* Problem *
Retype only the lines that run from the top of the material below to the line bearing "Movement was key", inclusive, and keep the pictures out.

╭─ Provided data

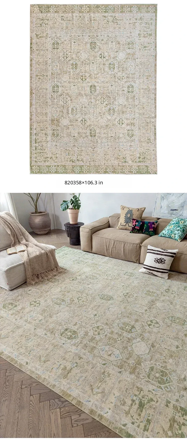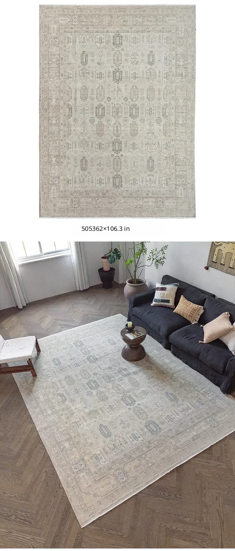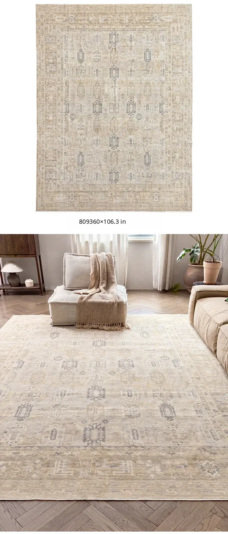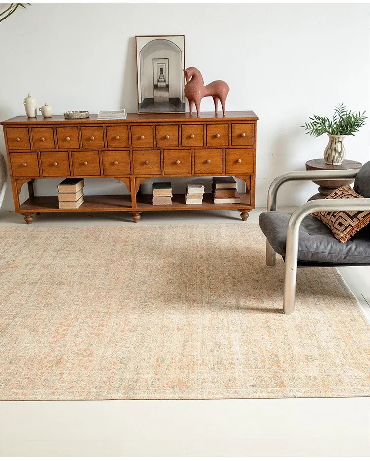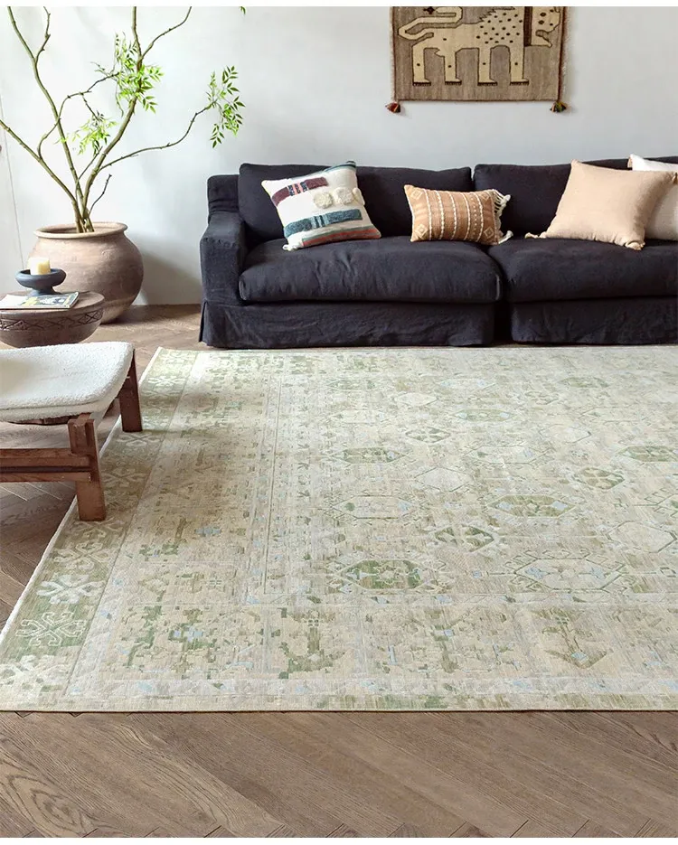 Vintage-Inspired Turkish Wool Area Rug - Handwoven Antique Style for Living Room - High-End Mid-Century Collection
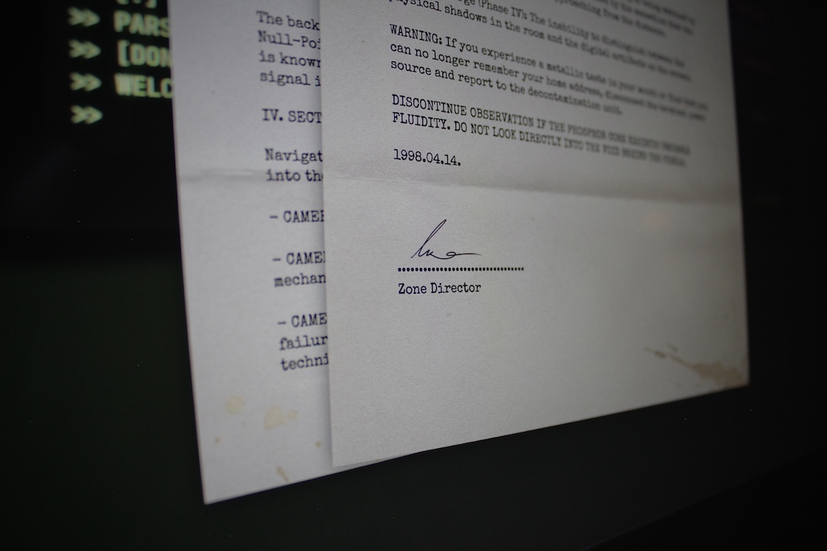 Movement was key to making it feel alive. The buttons depress physically, the screen flickers, and the LED meter tracks the current “radiation” level, which is synced to both visual and auditory noise. Even the manual pages seems to have a physical weight when you flip through them.
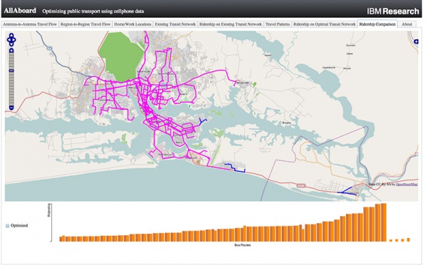 Un trabajo realizado por IBM Research, a partir de datos de interacciones por telefonía móvil facilitados por el operador, muestra que la red de transportes de una ciudad, en este caso Abidjan (Costa de Marfil), puede ganar un 10% de eficiencia ajustando la oferta a la demanda que se deduce de dichos datos. El trabajo ha ganado uno de los cuatro premios otorgados por Orange, a diversas iniciativas científicas con objetivos sociales y que se basan, en todos los casos, en los datos facilitados por la compañía. Por Carlos Gómez Abajo.
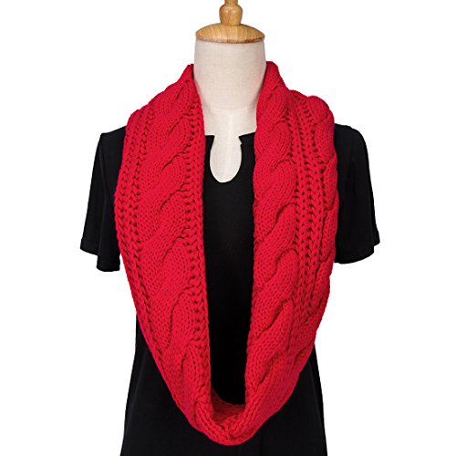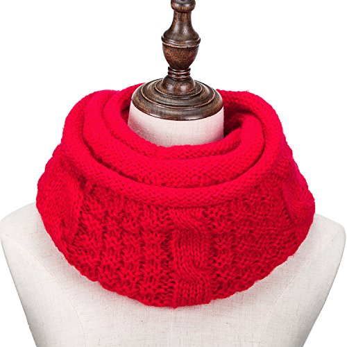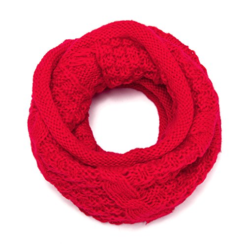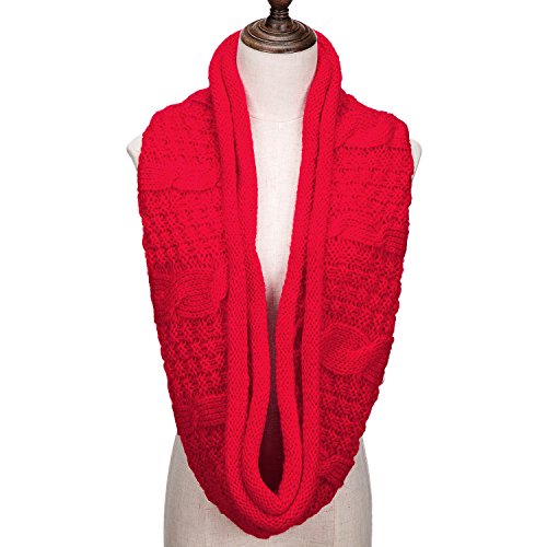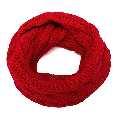 ALLMILL Womens Thick Ribbed Knit Winter Infinity Circle Loop Scarf (Red)

╰─

* Answer section *
 Vintage-Inspired Turkish Wool Area Rug - Handwoven Antique Style for Living Room - High-End Mid-Century Collection
 Movement was key to making it feel alive. The buttons depress physically, the screen flickers, and the LED meter tracks the current “radiation” level, which is synced to both visual and auditory noise. Even the manual pages seems to have a physical weight when you flip through them.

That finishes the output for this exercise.